The charge C of a telephone company is partly constant and partly varies as the number of unit of call u.the cost of 50 unit is #2500 and the cost of 120 units is #3000. Find : the formular connecting C and u
C = mu + b
when u = 50, C = 2500
50u + b = 2500
when u = 120, C = 3000
120u + b = 3000
subtract the two equations:
70u = 500
u = 50/7
in 50u + b = 2500
2500/7 + b = 2500
b = 15000/7
Cost = (50/7)u + 15000/7
I didn't get it
To find the formula connecting C and u, let's first identify the constant part and the variable part of the charge.
Let's assume that the constant part of the charge is represented by "a" and the variable part is represented by "b."
Given that the cost of 50 units is #2500, we can form the equation:
50u = a + b ✦ Equation 1
Similarly, with the cost of 120 units being #3000, we can form another equation:
120u = a + b ✦ Equation 2
Now, let's solve these equations to find the values of "a" and "b."
Subtracting Equation 1 from Equation 2, we get:
(120u - 50u) = (a + b) - (a + b)
70u = 0
This implies that u = 0, which is not possible. So, there might be a mistake in the given information.
Please recheck the cost values for 50 units and 120 units to proceed further with finding the formula connecting C and u.
To find the formula connecting C (the charge) and u (the number of call units), we can start by setting up a system of equations using the given information.
Let's denote the constant part of the charge as a (independent of u), and the variable part of the charge as b (dependent on u).
From the given information, we have two data points:
1) When the number of call units u is 50, the cost C is #2500.
C = a + b * u
#2500 = a + b * 50 --- (Equation 1)
2) When the number of call units u is 120, the cost C is #3000.
C = a + b * u
#3000 = a + b * 120 --- (Equation 2)
Now, we have a system of two linear equations with two variables (a and b). We can solve this system of equations to find the values of a and b.
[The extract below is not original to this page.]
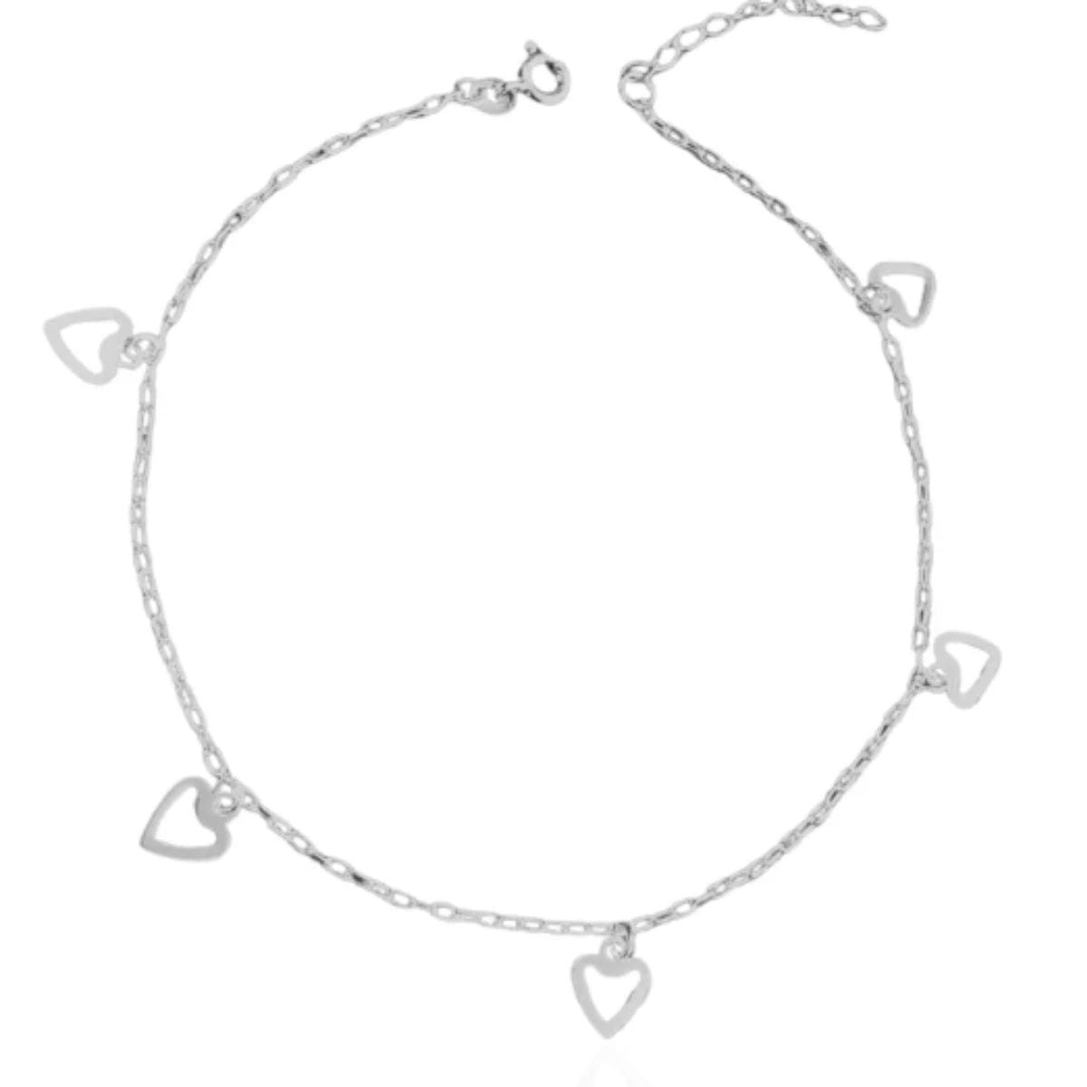 A Tornozeleira Feminina 5 Corações Vazados é uma peça delicada, feita com prata 925 de alta qualidade e material hipoalergênico.

To do this, we can use a method called substitution or elimination. Let's use substitution:
Solve Equation 1 for a:
a = #2500 - b * 50
Substitute this value into Equation 2:
#3000 = (#2500 - b * 50) + b * 120
#3000 = #2500 - 50b + 120b
#3000 = #2500 + 70b
70b = #3000 - #2500
70b = #500
b = #500 / 70
b = #7.14 (rounded to two decimal places)
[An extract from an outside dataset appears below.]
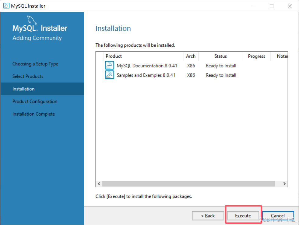 点击Execute安装

Now, substitute the value of b back into Equation 1 to find a:
#2500 = a + #7.14 * 50
#2500 = a + #357.14
a = #2500 - #357.14
a = #2142.86 (rounded to two decimal places)
Therefore, the formula connecting C and u is:
C = #2142.86 + (#7.14 * u)
So, the charge C for a given number of call units u can be calculated using this formula.